● **Task input**

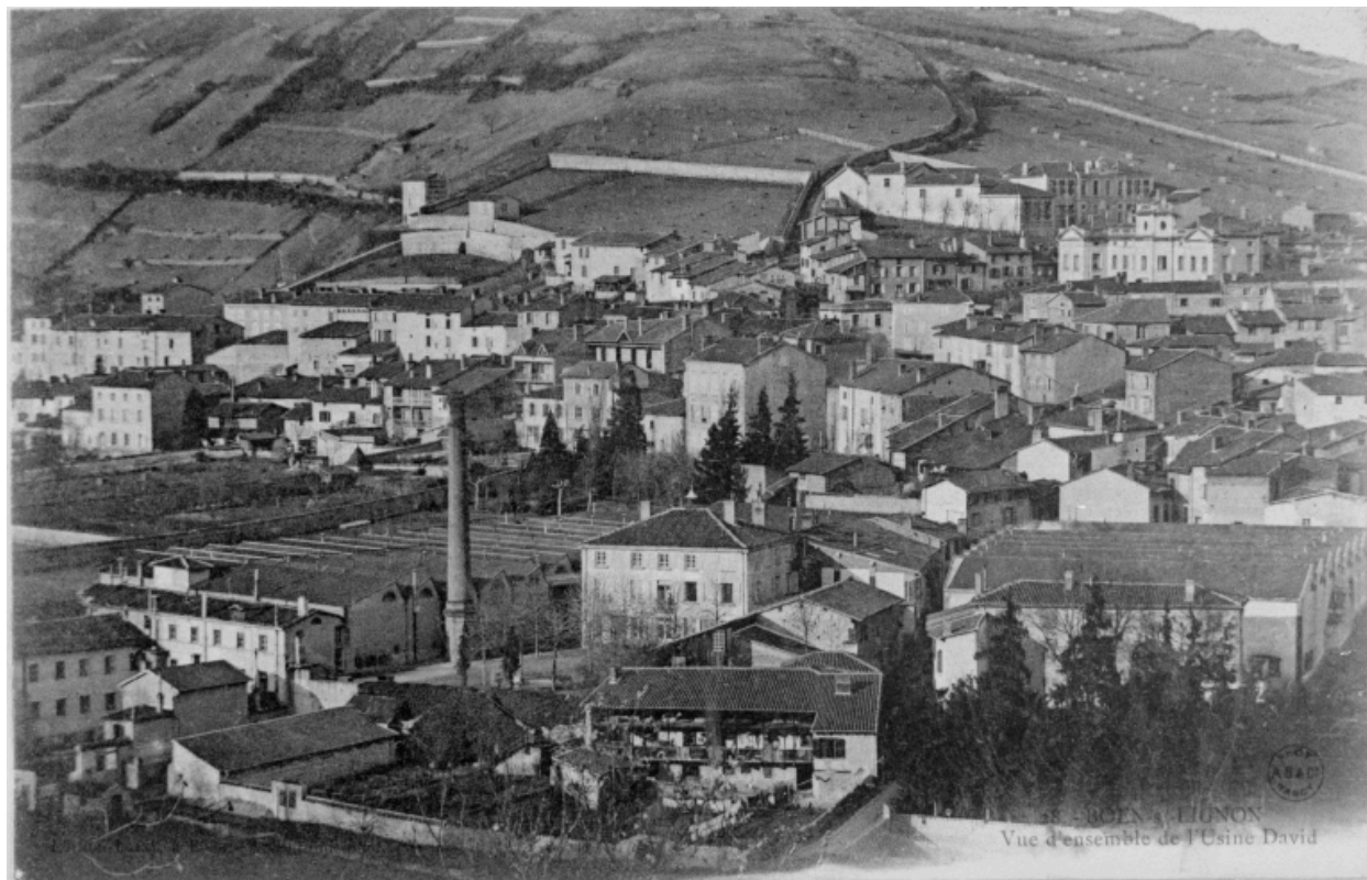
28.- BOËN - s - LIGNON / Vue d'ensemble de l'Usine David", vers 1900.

--

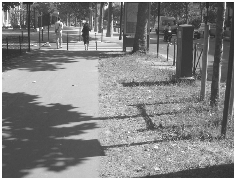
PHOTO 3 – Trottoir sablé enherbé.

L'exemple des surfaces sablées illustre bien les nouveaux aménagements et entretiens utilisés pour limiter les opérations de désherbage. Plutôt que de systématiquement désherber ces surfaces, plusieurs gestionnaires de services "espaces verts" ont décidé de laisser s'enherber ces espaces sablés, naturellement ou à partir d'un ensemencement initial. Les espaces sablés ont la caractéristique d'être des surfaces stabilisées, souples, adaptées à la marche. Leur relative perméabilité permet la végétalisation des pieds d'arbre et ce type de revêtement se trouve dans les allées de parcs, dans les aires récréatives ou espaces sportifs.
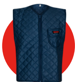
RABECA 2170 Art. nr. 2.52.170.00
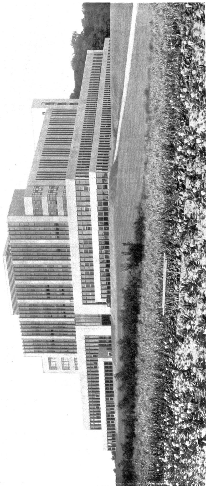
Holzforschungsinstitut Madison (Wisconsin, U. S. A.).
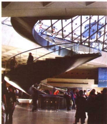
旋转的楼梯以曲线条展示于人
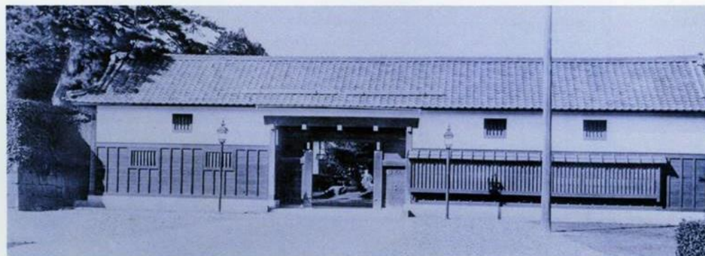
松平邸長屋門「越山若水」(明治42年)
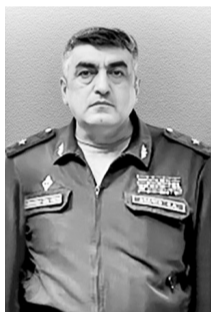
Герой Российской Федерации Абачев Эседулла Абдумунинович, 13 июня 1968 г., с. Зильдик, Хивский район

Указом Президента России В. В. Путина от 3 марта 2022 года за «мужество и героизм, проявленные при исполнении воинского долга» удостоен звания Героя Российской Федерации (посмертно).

● **Exercise prompt**
Set down again, exactly, every line above from the one with "Holzforschungsinstitut Madison (Wisconsin, U." down to the one with "Указом Президента России", both ends included. No pictures, and nothing else.

● **Result for this exercise**
Holzforschungsinstitut Madison (Wisconsin, U. S. A.).
旋转的楼梯以曲线条展示于人
松平邸長屋門「越山若水」(明治42年)
Герой Российской Федерации Абачев Эседулла Абдумунинович, 13 июня 1968 г., с. Зильдик, Хивский район

Указом Президента России В. В. Путина от 3 марта 2022 года за «мужество и героизм, проявленные при исполнении воинского долга» удостоен звания Героя Российской Федерации (посмертно).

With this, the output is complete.